房里只剩萧荔一个人,她坐在床边,不自觉地抓紧床单,不知道堇澄收到她的信没有,会不会觉得她反复无常、不可理喻。

没多久,传来敲门声,“殿下,我来了。”

箫荔一惊,从床上弹起来,他怎么直接来了?

门打开,堇澄已经换了一身干净衣服,月白色的袍子穿在他身上,映得他的脸更加莹莹如玉。这样一张脸,一副身姿,难怪他还不是身负盛名的仙族战神时,就常常被女仙女魔女妖看上。

负责开门的思巧眼神暧昧,“殿下,驸马要来,你该早些告诉奴婢,奴婢也好早做准备。”

准备什么?箫荔听不懂,不过这不重要。她小跑过去朝外看了一眼,门已经关上,转身嗔道:“你怎么不施个隐身术。这下别人都看到了。”

“本君是名正言顺的驸马,来找殿下天经地义。为何要隐身?”堇澄目光如炬,一步一步逼上前。

被逼得靠在墙角退无可退时,箫荔心一横,主动环住堇澄的腰。又不是没抱过,怕什么?何况手感这么好,不抱白不抱。

咦?他身上的味道不是熟悉的雪松,而是和她一样的花香,是用了霞光殿特制的香胰吧。

这时,头顶上传来一声轻笑,紧接着她整个人被拦腰抱起,堇澄把她放在床上,抵着她的鼻尖说:“**苦短,夫人既邀本君前来,何苦浪费时间?”

头顶上热切的眼神太过熟悉,箫荔一愣,“我不是这个意思。”

堇澄误会她了,她没有别的意思,只是想问问堇澄,能不能在她入梦时开启玉筒上的神识连接,这样她会安心一点。

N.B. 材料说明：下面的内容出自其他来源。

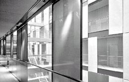 An der dem Eingang gegenüberliegenden Schmalseite des Atriums ziehen verglaste, übereinandergestapelte Raumboxen die Blicke auf sich: Es sind die Besprechungsräume, die auf diese Weise „veröffentlicht“ sind. Links und rechts laufen offene Galerien, mit denen die einzelnen Geschoße erschlossen sind, eine einläufige Treppe führt hinauf. Sie ist seitlich plaziert, wobei Brücken mit gläsernen Brüstungen die beiden Gebäudeflanken auf jedem Geschoß verbinden.
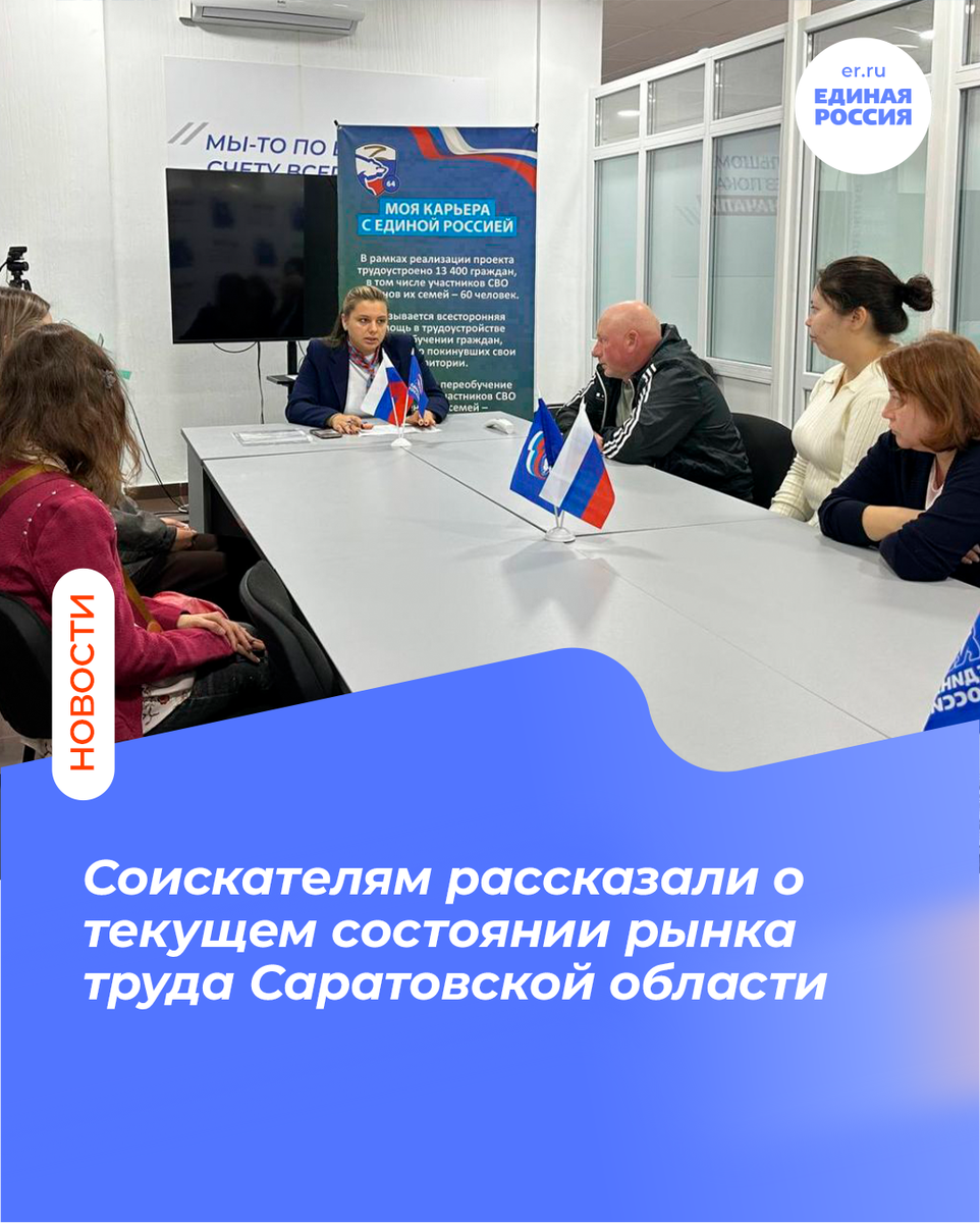 Центр осуществляет свою работу в рамках реализации федерального партийного проекта «Моя карьера с Единой Россией». В процессе проведения приема консультант центра предоставила участникам мероприятия развернутую информацию по вопросам содействия занятости. Присутствующим была доведена информация о текущем состоянии рынка труда Саратовской области, а также проведены детальные разъяснения практического применения сервисов портала «Работа России», таких как: самостоятельное составление и размещение резюме, прохождение процедур профессиональной ориентации и получения индивидуальных рекомендаций по выбору направления трудовой деятельности.
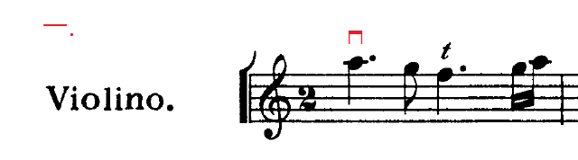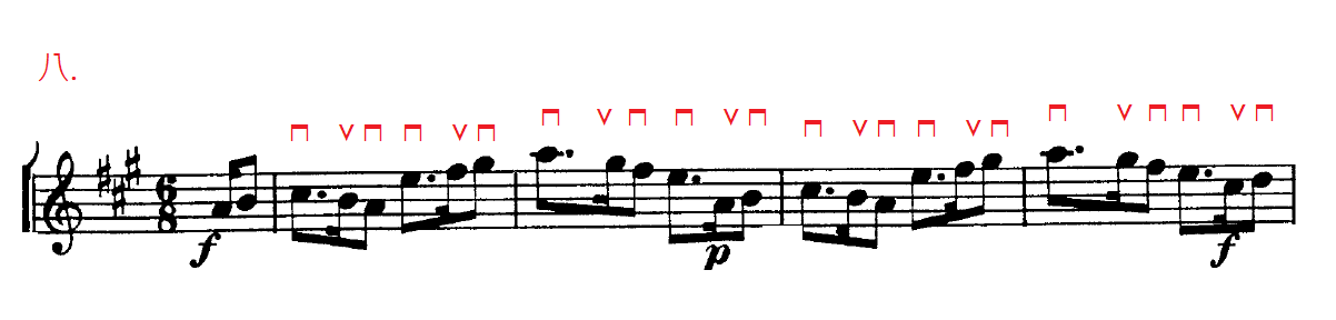 八.在複拍子的情況下,如三個組成的一拍,而第一個音是有符點的話,第一個音普遍是用下弓奏出。
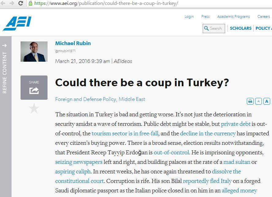 Следващото факсимиле е от статия от Марк Рубин от American Enterprise Institute, ексшеф в Департамента на отбраната на САЩ в Пентагона. Тя е от още по-рано – от 21 март 2016 г. Заглавието е: „Може ли да има преврат в Турция?“ и е препубликувана и в „Нюзуик“ и в други издания.

可气氛已经烘托到这儿了,万一要是发生点别的什么,她……也是愿意的。

箫荔闭上眼,等着堇澄下一步动作,只等来落在眉心的一个轻吻。

眉心的温热感消失时,周围的花香也变淡了,箫荔不解的睁开眼,却见一头纯白的雪狼趴在地上。

“殿下安心睡,本君在这里守着你。”

“堇澄神君……”

箫荔觉得自己像一朵四处飘荡的云,忽地被人捧住,放在心间。飘飘然的感觉盈满全身,她翁着鼻子道:“神君倒也不必在躺地上,我喜欢抱着毛茸茸的东西入睡。”

雪狼闻言抬起头,一跃跳上床榻,“睡吧。”

箫荔抱着一团毛茸茸,安心地闭上眼,进入梦乡。

再一睁眼,她果然又进入念胭的记忆里,成了一株植物。

丹赭花应该是被嘉木救了出来,尽管换了个地方,空气里还飘散着烧焦的味道,看来时间上并未过去多久,还在着火的那一夜。

“救命恩人”嘉木换了一身衣服走进来,面无表情地给她喂魔丹,浇水。

有了魔丹滋养,她感觉好多了。

抬头一看,嘉木怔怔发愣,一滴泪从他眼角滴下来,“母后,你为什么要逼我?”

眼泪滴在花瓣上,滚烫滚烫。一阵撕心裂肺的疼痛感传来,箫荔此时要是个人,牙根子一定酸得咋舌,不就掉一滴泪么,念胭至于这么心疼嘉木?

下一刻,无数的红色花瓣在她眼前凝聚成一个红衣女子。

念胭化形了!

太好了,她终于不用被困在植物之身。等等,她看到的红衣女子是念胭,那她在哪里?

箫荔低头一看,自己也凝聚出本体,而她的手被另一个人牵着。

那人说:“别怕,是本君。”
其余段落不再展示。